Reversing an integer hash function

This is an integer hash function written by Thomas Wang:

uint32_t hash6432shift(uint64_t key) {
    key = (~key) + (key << 18);
    key ^= key >> 31;
    key *= 21;
    key ^= key >> 11;
    key += key << 6;
    key ^= key >> 22;
    return 0xFFFFFFFF & key;
}

It hashes down a 64-bit input to a 32-bit output. It has good mixing: basic statistical analysis can show that it has reasonably good avalanche effect if lacking in bit independence (certain pairs of bits of the output like to flip at the same time when the input changes in a specific way, in some cases more than 99% of the time). However this hash function has a more glaring flaw which is the lack of fan-out.

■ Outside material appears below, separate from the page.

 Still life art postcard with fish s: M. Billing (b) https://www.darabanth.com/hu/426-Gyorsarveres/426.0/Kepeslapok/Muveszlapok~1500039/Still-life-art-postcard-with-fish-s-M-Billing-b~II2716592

Fan-out is necessary for a hash algorithm, otherwise you could simply trace backwards and generate an input that produces a specific hash (this is called a preimage). To visualize fan-out, imagine a hash function $H$ that uses three smaller independent functions $A$, $B$, and $C$ to produce a hash like so:

\[H(i) = A(i) + B(i) + C(i)\]

If an attacker wanted to manipulate the output value $H(i)$, they may start by tweaking $i$ to output a specific value in $A(i)$. However in doing so $B(i)$ and $C(i)$ now also produce different values. It is very difficult to control the outputs of all three of these functions at once (unless perhaps they are not so independent). The input value has "fanned out" into several functions, which come together at the end.

A common pattern is to use some invertible convolution $C$ and compute $C(i) + i$. This way, reversing the algorithm requires first taking a guess at what $i$ may have been, then calculating $C^{-1}(h - i)$ for the given output $h$. This value then must match the guessed $i$, but it all likelihood it will not. Algorithms like MD5, SHA1 and SHA2, and Salsa20/ChaCha20 use this pattern.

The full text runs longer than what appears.